UNITED STATES OF AMERICA

v.

WILLIAM E. HAWKINS, APPELLANT UNITED STATES OF AMERICA

v.

HENRY H. JONES, JR., APPELLANT



UNITED STATES COURT OF APPEALS FOR THE DISTRICT OF COLUMBIA CIRCUIT

Appeals from the United States District Court for the District of Columbia. 1973.CDC.139

APPELLATE PANEL:

Wright and Tamm, Circuit Judges, and Davies,* Senior District Judge.

PER CURIAM DECISION

The series of events culminating in the death of 15 year old Vernon L. Gulledge began at approximately 11:00 o'clock p.m., May 21, 1971, in a shopping center parking lot on Eastern Avenue, Washington, D.C. The appellants, 26 year old Henry H. Jones, Jr. and 21 year old William E. Hawkins, entered the shopping center intending to make a liquor purchase.
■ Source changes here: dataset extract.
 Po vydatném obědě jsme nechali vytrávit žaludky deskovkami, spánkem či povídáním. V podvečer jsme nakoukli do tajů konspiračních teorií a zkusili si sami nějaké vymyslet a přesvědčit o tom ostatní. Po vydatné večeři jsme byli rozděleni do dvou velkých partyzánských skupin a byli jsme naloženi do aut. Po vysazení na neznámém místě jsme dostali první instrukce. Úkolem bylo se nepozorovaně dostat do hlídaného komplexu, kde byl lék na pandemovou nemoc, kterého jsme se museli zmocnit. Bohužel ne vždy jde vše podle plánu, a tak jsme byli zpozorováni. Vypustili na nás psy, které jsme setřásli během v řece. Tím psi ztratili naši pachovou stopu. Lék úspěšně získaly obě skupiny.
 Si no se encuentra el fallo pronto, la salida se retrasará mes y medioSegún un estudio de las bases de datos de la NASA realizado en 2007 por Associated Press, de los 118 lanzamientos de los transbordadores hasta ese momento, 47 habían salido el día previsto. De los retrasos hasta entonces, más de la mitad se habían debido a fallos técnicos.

Prior to entering the liquor store, Jones confronted six youths, all under 16 years of age, standing in the parking lot and, after brandishing a knife, ordered them to leave before he returned. The youths moved to an area in front of a bowling alley and one left to get his older cousin. When Jones returned he again confronted the youths, inquiring why they were still there. At this point the 18 year old cousin and his 21 year old friend arrived on the scene and a fight ensued. Jones and Hawkins lost and left the parking lot. The youths, intending to meet later at a restaurant, split up - three leaving in the cousin's car and three, including the deceased, on foot.
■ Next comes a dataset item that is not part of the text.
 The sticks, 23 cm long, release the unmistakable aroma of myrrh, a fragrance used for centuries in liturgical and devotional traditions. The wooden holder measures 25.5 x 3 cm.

Meanwhile the appellants met two friends with a car and related what had happened. The friends suggested looking for the youths. The four drove down Eastern Avenue to the intersection of Oglethorpe Street where they encountered Gulledge and his two friends who were identified by appellant Jones as, "Yes, that's them." The youths started running in various directions with Gulledge, pursued by Hawkins and Jones, fleeing toward a car parked on the street. Hawkins caught Gulledge at the rear of the car and commenced beating him. Jones then approached, holding a knife, and stabbed Gulledge four times, causing his death. When Theodore Corbett, who had been standing next to the car, tried to intervene he too was stabbed in the stomach, a wound from which he recovered.

A Grand Jury indictment was returned in which Jones and Hawkins were jointly charged in Count One with first degree murder, a violation of 22 D.C. Code § 2401. *fn1 Jones alone was charged in the second count of assault with intent to kill while armed, a violation of 22 D.C. Code 501, 3202. *fn2

At trial neither appellant disputed the basic facts, Jones relying upon insanity as a defense, and Hawkins asserting lack of intent to commit murder. The jury rejected both defenses, finding Jones guilty of both first degree murder and assault with intent to kill while armed; Hawkins was found guilty of second degree murder, a lesser included offense, under 22 D.C. Code § 2403.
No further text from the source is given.